It found just 26 percent thought he deserved re-election.

Another poll released Monday from Emerson College, taken half by automated phone calls and half by an online survey, showed Ducey's approval ratings relative to Trump:
Ducey approval rating: 31 percent
Trump approval rating: 43 percent

Trump, however, had more voters disapprove of him than Ducey.
Ducey disapproval rating: 39 percent
Trump disapproval rating: 49 percent
Apparently Garcia is the frontrunner for the dem primary, but 48 percent undecided there so...
 

Stinkles

Banned
Oct 25, 2017
20,459
One of my MA profs, a guy who taught my first real graduate seminar, went for his citizenship in early 2017. Granted, he'd been here since the 80s and was coming from Britain as a highly-educated, successful, white man but he read the tea leaves and decided this might be his last chance.

One day when we were walking from the class I was TAing with him he mentioned in no uncertain terms (he is a beautifully blunt man) that he found it "fucked up" that as he was sitting in a Cleveland immigration office the televisions in the background were set to CNN broadcasting a Trump speech. He said it was chilling to have to see people who didn't have his privileges subjected to that shit in a place they should feel safe and welcomed.


.


I'm similarly white and educated and damn lucky - a fact that was never more obvious than when I first lived here on a H1 visa, there was a typo on my computerized records that meant younger less experienced customs agents weren't familiar with the flag or how to clear it, so sometimes I'd be sent to the crying room for secondary screening. The rooms were invariably filled with crying older women of Latin and East Asian origin- often waiting for a relative to come save them.

The agents would take one look at me and stick my passport at the front of the queue because they assumed my paperwork was going to be quicker and easier to resolve.

But even on the fifteenth or sixteenth occasion, I'd be terrified and helpless feeling - I can only imagine what those (usually) women were going through.

This was back in the day too, when things were less intense.

Immigration to the USA is difficult and stressful and expensive. And even then,I never resented illegal immigrants because anyone with eyes can see that they're an essential part of our service and agricultural industries. I couldn't walk a mile in their shoes.

You want a ten dollar avocado or a thousand dollar motel room, then keep building that wall.
 

Autodidact

Member
Oct 25, 2017
18,729
Now I'm curious on your thoughts about TFA. It's your fault for saying not to get started.
Many of the people they recruit and send have no classroom or teaching experience, and they undermine teachers' unions by bypassing certified teachers for these amateurs. Some of them become good teachers in spite of all of this, but I'd rather they actually pursued education degrees/certificates and got traditionally certified rather than taking a slapdash summer course.
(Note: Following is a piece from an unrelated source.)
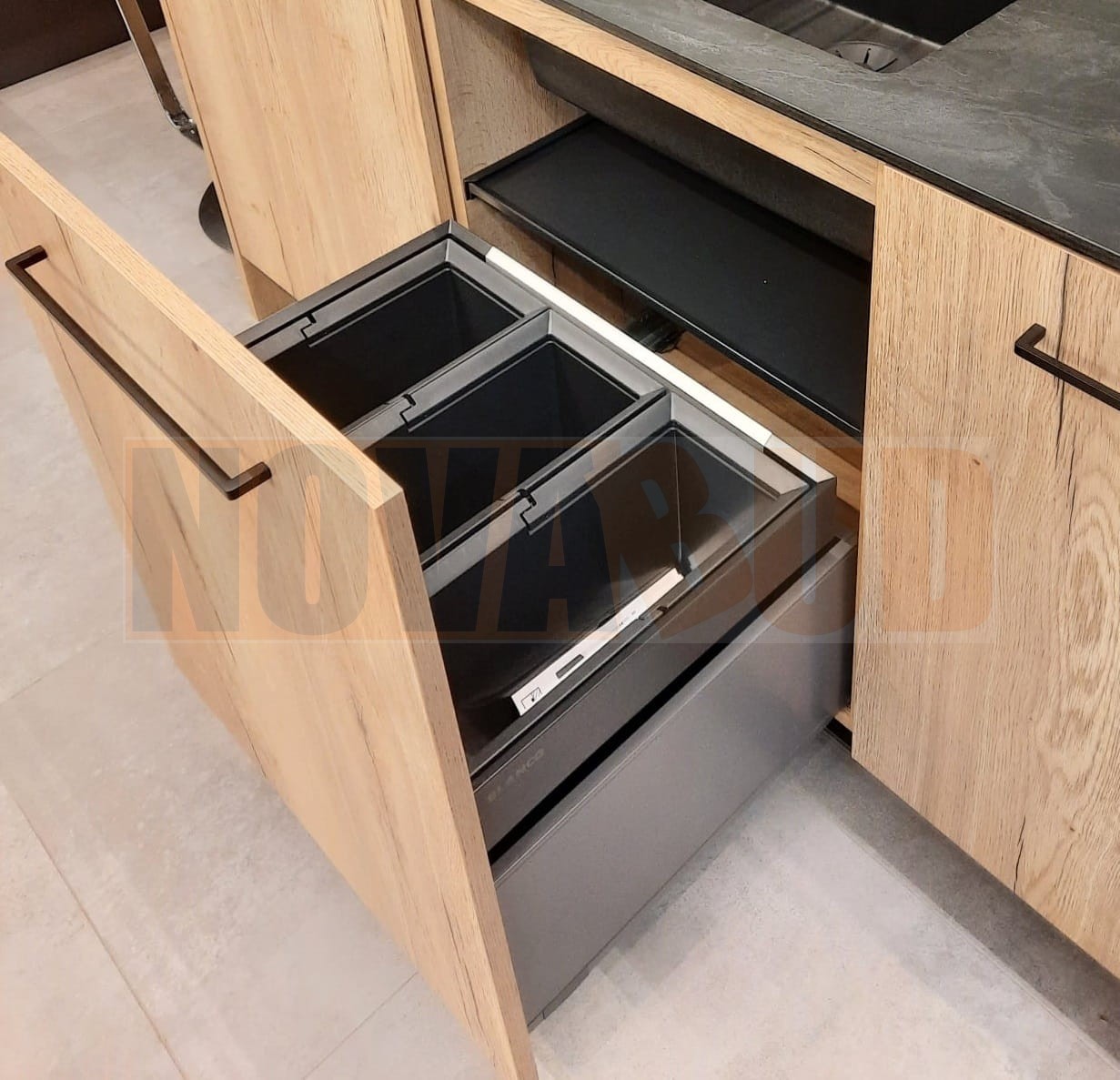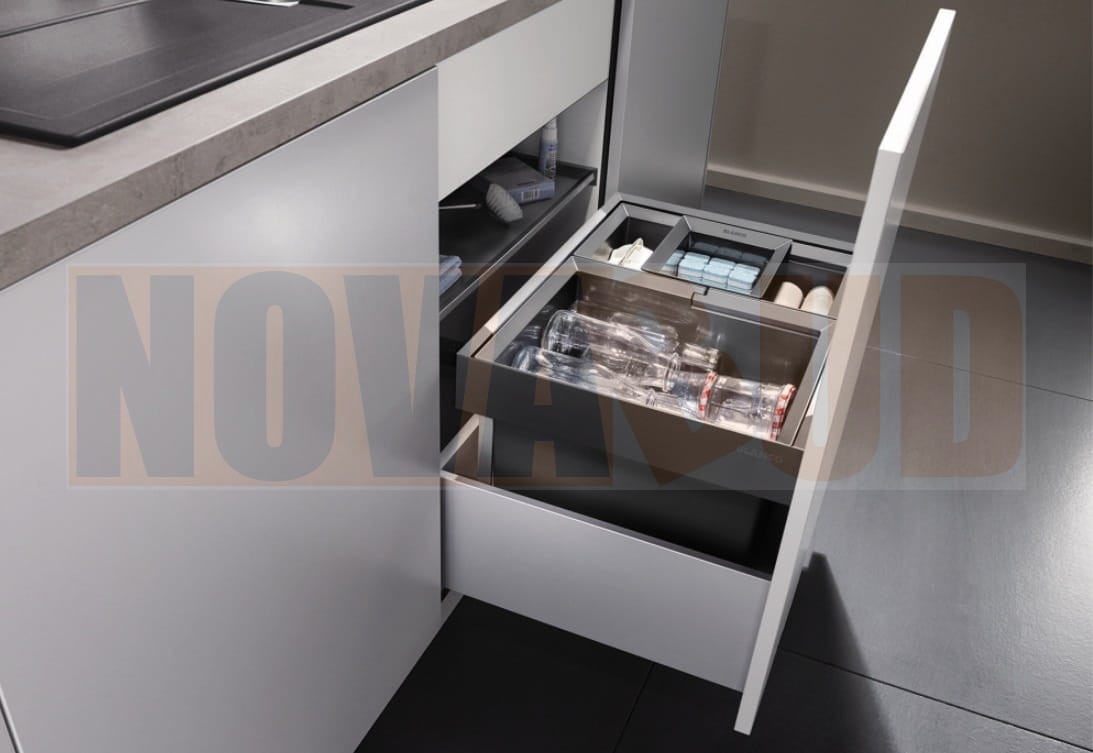 - Podczas planowania należy zwrócić uwagę na wysokość montażową systemu segregacji odpadów, wysokość dna szuflady, głębokość montażową zlewozmywaka z armaturą przelewowo-odpływową i wynikające z tego minimalne wymiary szafki dolnej.
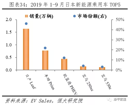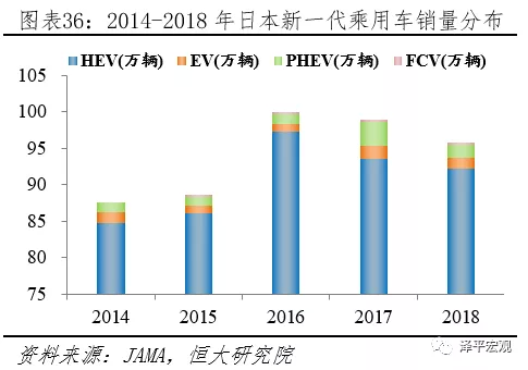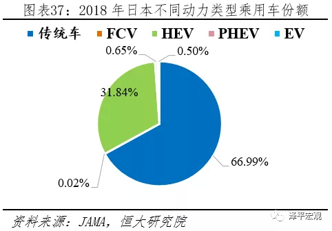 日本新一代汽車HEV占據統治地位。日本由于發動機技術領先,發展HEV有天然優勢,故將HEV納入新一代汽車體系,與EV和PHEV共同發展。據日本汽車銷售聯合會(JAMA)披露,2018年日本乘用車新車HEV、EV、PHEV、FCV、傳統車銷量分別為92.18、1.46、1.88、0.06、193.97萬輛,分別占比66.99%、31.84%、0.65%、0.50%、0.02%。

In short, I think they trivialize the profession. Not everyone can teach, and the discipline itself requires extensive education and preparation to be effective. You cannot go from non-teacher to teacher in five weeks, and even though teachers should grow and improve on the job, you shouldn't be learning the basics (e.g., how to write a lesson plan) on the job. Again, many TFA teachers nail it and become valuable members of the school community. The program itself just gives me pause.
 

Linkura

Member
Oct 25, 2017
19,943
Many of the people they recruit and send have no classroom or teaching experience, and they undermine teachers' unions by bypassing certified teachers for these amateurs. Some of them become good teachers in spite of all of this, but I'd rather they actually pursued education degrees/certificates and got traditionally certified rather than taking a slapdash summer course.

In short, I think they trivialize the profession. Not everyone can teach, and the discipline itself requires extensive education and preparation to be effective. You cannot go from non-teacher to teacher in five weeks, and even though teachers should grow and improve on the job, you shouldn't be learning the basics (e.g., how to write a lesson plan) on the job. Again, many TFA teachers nail it and become valuable members of the school community. The program itself just gives me pause.
Fair points. Of course, the whole point of the program is to send in mainly people with no classroom or teaching experience to fill in gaps, which, yeah... isn't going to work out too well in many occasions.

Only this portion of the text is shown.